Monday, June 7, 2010

Ariel Pink - Ready For Feedback

To quote the Comic Book Guy, ‘loneliness and cheeseburgers are a dangerous mix’. Well, the same might be said of tape recorders and eight-tracks. Especially if you’re Ariel Marcus Rosenberg, AKA Ariel Pink. Ariel has spent the better part of the last fifteen years famously and obsessively compiling a seemingly endless catalogue of reconstituted pop, 60s surfer tunes, advertising jingles, stadium anthems and 80s cheese, integrating them all into a style that might be thought of as Prom Queen meets Horror Show.


But for every critic repulsed by the lo-fi imperfection and seeming amateurishness of Pink’s analogue recordings, another has recognised that the sheer mediocrity of the sound quality – and it is bad, at times almost unlistenably so – is as much of the point as is the mishmash of genre that makes up the songs themselves. Pink has chosen to scrape away the studio polish of disposable product, to expose a vehicle capable of bearing his wounded, abject voice.

“I cut my teeth early on sub-par equipment,” he tells me, with an almost audible shrug. “It wasn’t so much being attracted to the sound of shittiness per se … It was a means to an end. [It was about] making something sound good out of it, rather than blaming the lack of quality on the lack of gear.”


The outsider mystique that grew up around his wretched loner shtick, as well as the undeniable quality of the songs, yielded paydirt eventually. A union with Animal Collective’s Paw Tracks back in 2004 resulted in the release of selected material that had previously only existed on CD-Rs. Subsequent releases such as The Doldrums (2004) or Scared Famous (2007) have simply mined the back-catalogue however, the music carrying no sense of growth or progression. Rather, it expresses a bizarre time-warped sense of stasis, as well as a loneliness so hyper-aware of itself that its bruised misery is immediately erased by the self-reflexive piss-taking that’s present in its very articulation.

That was then though and this is now – for Ariel Pink has turned a corner. Last year’s sprawling double-disk opus Grandes Exitos marked the end of his DIY era. “Music is a means to an end y’know,” he says. “You should make your art and purge those demons that you so desperately need to exorcise. I’m over that stage of my life where I’m just a heart bleeding onto a tape deck. I’m very anxious to get some sort of feedback, some reflection on what I was doing. I’ve got a whole different set of circumstances now.”

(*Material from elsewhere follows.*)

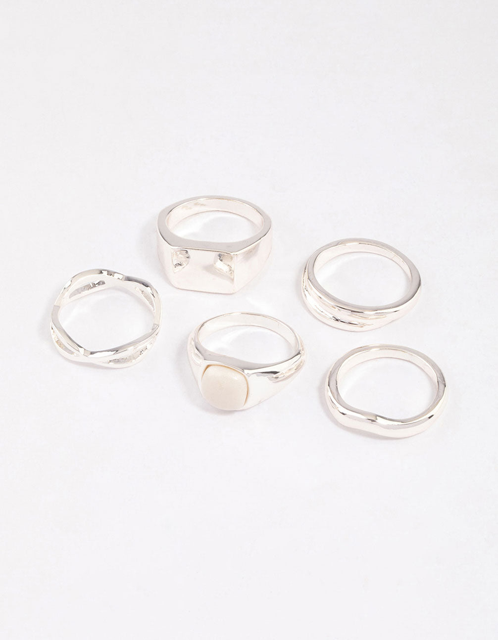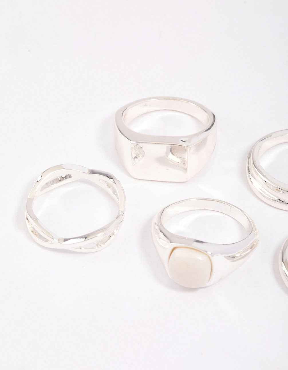 - Maximise your ring stack and embellish your look with this set of organic-shaped, silver-toned signet rings.
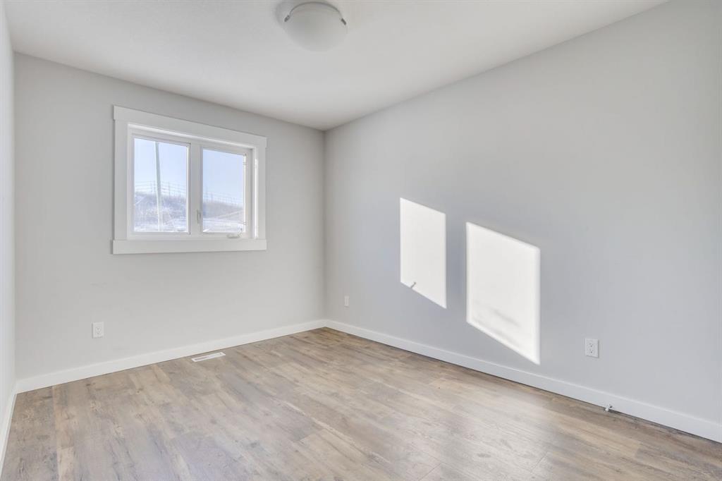The main level features a bright open-concept design that seamlessly connects the kitchen, dining, and living areas — creating an inviting space perfect for everyday living and entertaining. The contemporary kitchen is finished with quartz countertops, complemented by matching quartz surfaces in all bathrooms for a cohesive, upscale feel. A fourth bedroom and a full three-piece bathroom are conveniently located on this level, providing excellent flexibility. This main floor room can also be utilized as a private home office or guest suite.

Among other things, Ariel Pink’s Haunted Graffiti is no longer simply a moniker for the artist’s bedroom project. It’s a full band now, feathers and all. Previous attempts at performing his music solo produced less than stellar results (“I think it came off pretty bad”, he admits), but Pink is quick to staunch any doubts regarding the group’s ability. “Who says that it’s impossible to do this stuff live? All we need is commitment, people to be on the same page.

“The live part is what I have to do in order to continue playing my music. Otherwise I’d need to get a job and continue to make a bunch of tapes in my bedroom. It’s [been] this total lesson in how to handle one’s affairs.” He laughs, adding, “I’m a lot more of a social butterfly; I like the attention, too.”

Other positive life steps have included being signed last year to UK indie label 4AD; any former recalcitrance towards participating in the monster that is the modern music industry eventually gave way to the desire to reach an audience. “It was no secret; we needed to get signed to a real label,” he says. “I’ve made every mistake in the book in the last five years, and I’ve continued to, I’m a slow learner … but I’m lucky, I feel like I’m chasing heights. The longer I do it, the more I feel I’m in control of my craft. It’s a new trajectory in my life that I’m really into at the moment; it’s very different.”

Before Today is the first album of this new period. At an even twelve tracks, it is easily Pink’s most coherent and accessible statement to date. Songs like ‘Fright Night (Nevermore)’, first single ‘Round And Round’ or the wonderfully Billie Jean referencing ‘Menopause Man’ benefit from digital production with a rich day-glo sound, while retaining the knowing wink and disruptive sexual overtones of his previous work.

Pink seems reconciled with the excesses of what he obviously sees as a previous incarnation – there is a clear sense of him having passed through the crucible, arriving on the other side by and large intact, and with a renewed thirst to create. “At the risk of being a cartoon of myself, I do like to lead the life that I want to lead, and kind of lead by example. I really feel like there’s no reason to be just a stupid entertainer for the sheeple… just the heroin for the masses – we don’t need anymore of that.”

So what lies ahead? “Same thing only better, hopefully. I don’t want to punish the crowd or chastise humanity or whatever … Whatever I’ve already laid the groundwork for – it’s all tacky already. My job is not anywhere near done.”